# Best cordless combo pack



## 360max (Jun 10, 2011)

Dewalt


----------



## ND80 (Apr 12, 2012)

The contractor I work for runs Makita. After using them for about 4 months I went out and bought the drill and impact set and love them. 

I have also heard a lot of good things about the Milwaukee M12 and M18 lines.


----------



## rlc3854 (Dec 30, 2007)

Black and Decker, rebranded as Dewalt.


----------



## heavysparky (Jun 2, 2009)

Every one has there own brand loyalty.
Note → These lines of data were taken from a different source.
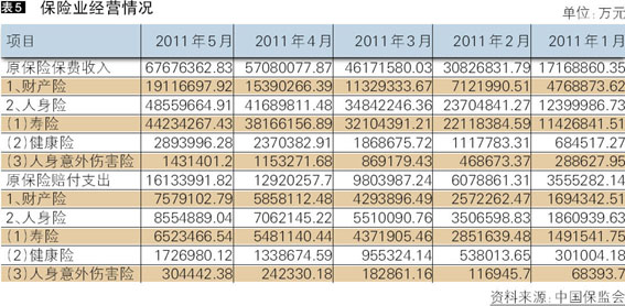 2011年的保费收入要根据《保险合同相关会计处理规定》进行调整,而根据该会计处理,投资连结险和万能险所产生的保费收入大部分都不能计入保费收入,导致2011年和2010年的统计口径产生不一致,所以无法计算同比增幅 。但根据中国保险监督委员会公布的保险业经营数据依旧可以看出,2011年前5个月的保费收入依旧保持往年的增长规律,逐月递增。与此同时,原保险赔付支出也保持同比增长。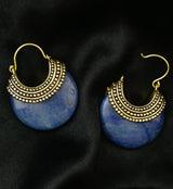 These brass earrings have a stunning design with a natural blue aventurine stone. Each piece has a height of 36mm and width of 30mm, give or take 1-2mm as these are handmade. Each earring weighs about 14 grams. Made from brass, these earrings are suitable for short-term wear, and may oxidize in extreme moisture conditions. Sold in pairs (2pcs).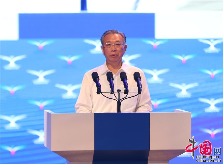 8月7日,“青年企业家创新发展国际峰会2018”在山东省济南市举行,图为山东省委书记刘家义发表主旨演讲。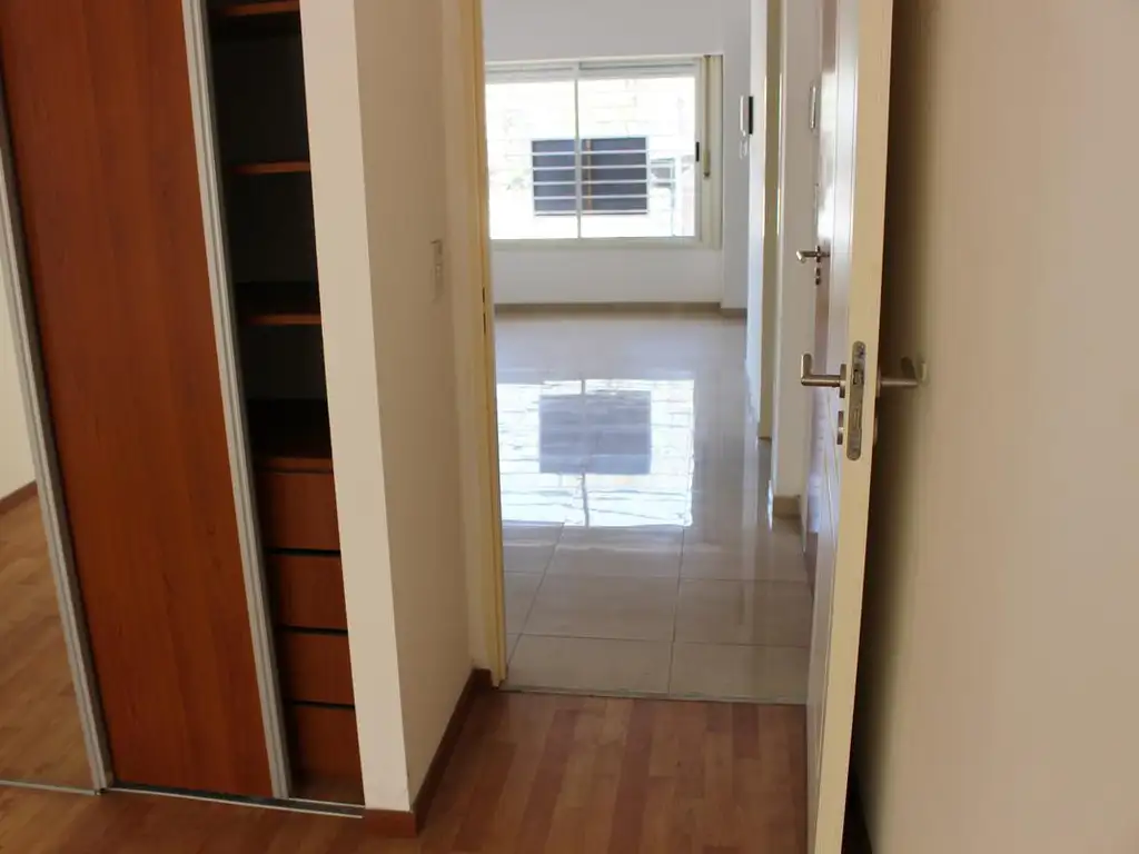 Pisos de porcelanato en todo el Departamento y símil madera en el dormitorio. La habitación tiene un cómodo placard con puertas corredizas y espejo incorporado.

I personally get what ever is cheap and has a great in store warranty


----------



## heavysparky (Jun 2, 2009)

rlc3854 said:


> Black and Decker, rebranded as Dewalt.


 
Dewalt has really went down in the last few years


----------



## drspec (Sep 29, 2012)

I was just sitting here thinking about this earlier.

My Dewalt needs a new chuck and the batteries don't hold a good charge anymore. I need a good combo set for my construction truck.
I hear good things about Makita, but they are kind of hard to find around here. At least the blue professional tools anyway.
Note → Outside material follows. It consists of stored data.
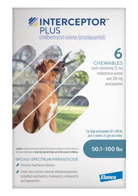 Interceptor Plus (milbemycin oxime/praziquantel) is a chewable tablet flavored with real chicken that you give to your dog once a month, every month. Its overall acceptability is 96.6%, which makes dosing easy.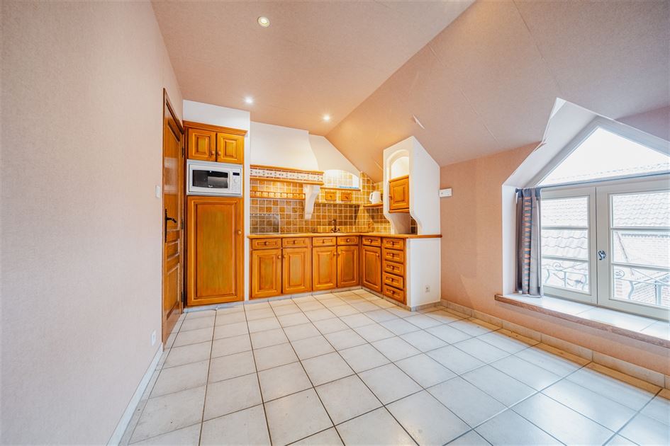 Op de verdieping bevindt zich een comfortabel appartement met twee slaapkamers, ideaal voor eigen bewoning of als opbrengsteigendom. Achteraan beschikt het gebouw over een zeer ruime parking, wat een grote troef is voor klanten en bezoekers.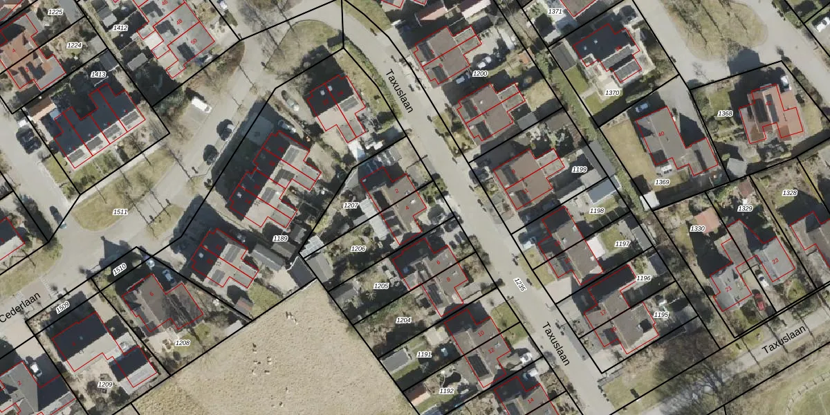 Taxuslaan 4 is gelegen op kadastraal perceel ODN00I1206. Deze kadastrale aanduiding is uniek en wordt gebruikt door het Kadaster om eigendomsrechten en andere zakelijke rechten vast te leggen. Het perceel maakt onderdeel uit van de kadastrale gemeente Odoorn.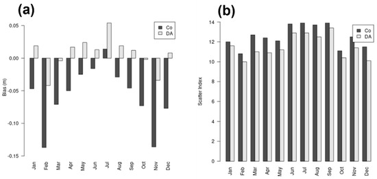 The bar plots for the monthly means in Figure 7 show, briefly, a consistent reduction in scatter index with data assimilated; it is most reduced in December, March and April, and least in January and September. The bar plots for bias reflect the shift from negative overall bias to positive overall bias, but in some instances, the absolute bias is greater with data assimilation—especially so in July, where the control run’s bias is already positive. The fact that the data assimilation always results in the bias tending positive suggests that a bias remains in the data. The monthly diagnostics reveals a moderate seasonal signature in scatter index, with higher scatter indices in the summer months, conserved in the IBI-DA run. The seasonal signature for the bias is almost inverted in the DA run, with higher absolute biases in summer than in winter (apart from November and February). With all this said, the highest absolute bias for all months in the IBI-DA run is only just over 5 cm, which, to put it into perspective, is about the same as the bias for the control run for the whole year.

I was leaning toward the M18 fuel, but I keep hearing horror stories. 

I rock the M12 in my service van and have had no problems.


----------



## wendon (Sep 27, 2010)

drspec said:


> I was just sitting here thinking about this earlier.
> 
> My Dewalt needs a new chuck and the batteries don't hold a good charge anymore. I need a good combo set for my construction truck.
> I hear good things about Makita, but they are kind of hard to find around here. At least the blue professional tools anyway.
> ...


Tell me your horror stories. I've had M18 since they first came out. I've got the regular impact, the Fuel impact, the angle grinder, the metal circular saw, a regular drill and a hammer drill, the LED flashlight, the Fuel 3/8"drive impact, and the 3/8" angle drill. All are still running. The only trouble I had was with the original impact and they replace the parts under warranty. Now that I've got the Fuel impact, I hardly ever use the old one. I've never had a M18 Lithium battery go bad.


----------



## FastFokker (Sep 18, 2012)

I think they're all the same.. basically.
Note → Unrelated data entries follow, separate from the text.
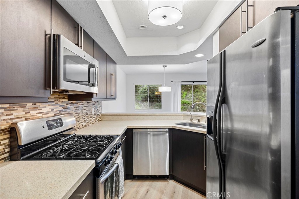 Live the Laguna Beach dream in this stylishly updated 2-bed, 2.5-bath coastal condo in the resort-style Terraces community. This move-in-ready home blends modern finishes with laid-back beach living—perfect for first-time buyers, or anyone wanting a chic full time or second home minutes from the ocean, but also convenient to get to the freeway and toll road for commuters. Step inside to bright, airy spaces and an open-concept layout ideal for entertaining or unwinding after a beach day. The remodeled contemporary kitchen flows into a spacious living and dining area, complete with fresh paint, luxury vinyl plank flooring, and a cozy fireplace. Slide open the doors to your private patio for morning coffee or outdoor dining. Upstairs, you’ll find two oversized bedrooms with en-suite bathrooms, including a beautifully renovated primary suite with sleek finishes and custom-built closet systems. Skylights, new flooring throughout, and matte-black door hardware add a clean, modern feel. Enjoy the convenience of direct-access garage parking, plus an additional detached garage for storage, gear, or a second car. The Terraces community offers lush landscaping and sparkling pools—all just minutes from downtown Laguna Beach, world-class beaches, and top-rated Laguna Beach schools. Whether you're after your first home, full time home, a stylish retreat, or a low-maintenance getaway, this condo delivers the full Laguna lifestyle. Come see why life here feels like a permanent vacation.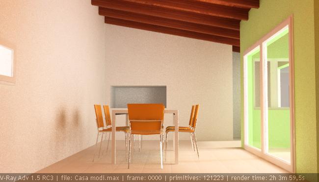 soy un aprendiz de Vray y hace poco comencé a hacer una escena de lo que sería la ampliación de mi casa. Dentro de mis limitaciones en cuanto a conocimientos referidos a 3d Studio y Vray, claro, la cuestión es que hace unos días que vengo tratando de lidiar con una especie de ruido que ensucia toda la escena. Al principio pensé que se trataba del material utilizado en la pared con un Bump considerebale (sacado de la biblioteca de evermotion), pero luego de cambiarlo por un color liso y ver que todo seguía igual, me di cuenta que esto no era, entonces me metí de lleno en los parámetros de renderizado de Vray propiamente dicho y fui tirando varios render cambiando: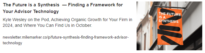 I wanted to share this year’s top 5 most popular editions of The Connected Advisor Newsletter this year. If you missed any of them, or just want to give them another read, I’d love to hear your thoughts. As always, all replies to this email go directly to my inbox.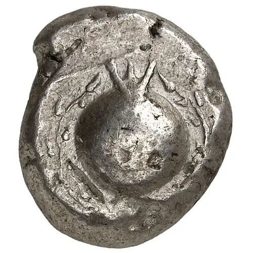 | Obverse description | Pomegranate hanging downwards within a wreath of pomegranate leaves. |

The problem with Dewalt and Makita is they have el-cheapo home owner models which are crap. I don't know of Milwaukee having that, but I wouldn't be surprised if they did.

I owned Makita LXT and loved it. I now own Milwaukee m12 and love it. I have never owned Dewalt and I hate them! lol


----------



## Jlarson (Jun 28, 2009)

We rock the LXT Makita stuff. I like it, takes a beating. I don't do combo kits though, we buy drill kits then get bare tool everything else and buy batts as needed.


----------



## papaotis (Jun 8, 2013)

see ( my trusty drill finally died)


----------



## 360max (Jun 10, 2011)

papaotis said:


> see ( my trusty drill finally died)


http://www.electriciantalk.com/f14/my-trusty-drill-finally-died-57603/


----------



## Rochsolid (Aug 9, 2012)

I've personally used and owned Bosch, porter cable, dewalt and currently the Makita LXT line. The Makita is by far the best. Hands down. My company has just purchased a bunch of Milwaukee tools, my boss hasn't been impressed, says the drills do not hold up as well as he thought they would.


----------



## Going_Commando (Oct 1, 2011)

I have used Dewalt, Makita, Ridgid, and Milwaukee cordless stuff, and prefer the Milwaukee m18 Fuel. They really stepped it up with the fuel line, and between the brands listed above it has no peer.


----------



## Lighting Bolt (Dec 2, 2011)

Every company makes the "pro/homeowner" stuff. A better drill is going to have a higher price. Find out which one has the most features/power/highest price (Individual Drill) to find the pro stuff. Example:

MIlwaukee 2611 - Pro - Amazon $398
Milwaukee 2602 - Homeowner Amazon $269

For the other things in kits, saws, impact drivers, etc... if you can't find different models at different values, there are not pro/homeowner, just one unit. Good example would be a Sawzall or Circular saw. there are no pro or homeowner models, just one model.


----------



## CheapCharlie (Feb 4, 2011)

Got 4 makita combo sets here (LXT). 2 drill/driver combo kits and 2 drill/driver/sawzall/circ saw kits. Each kit came with 2 batteries. We've had 3 batteries go bad already. Not impressed. I have my personal Milwawkee Fuel now for about a year and they are awesome! Drives way faster than the Makita.


----------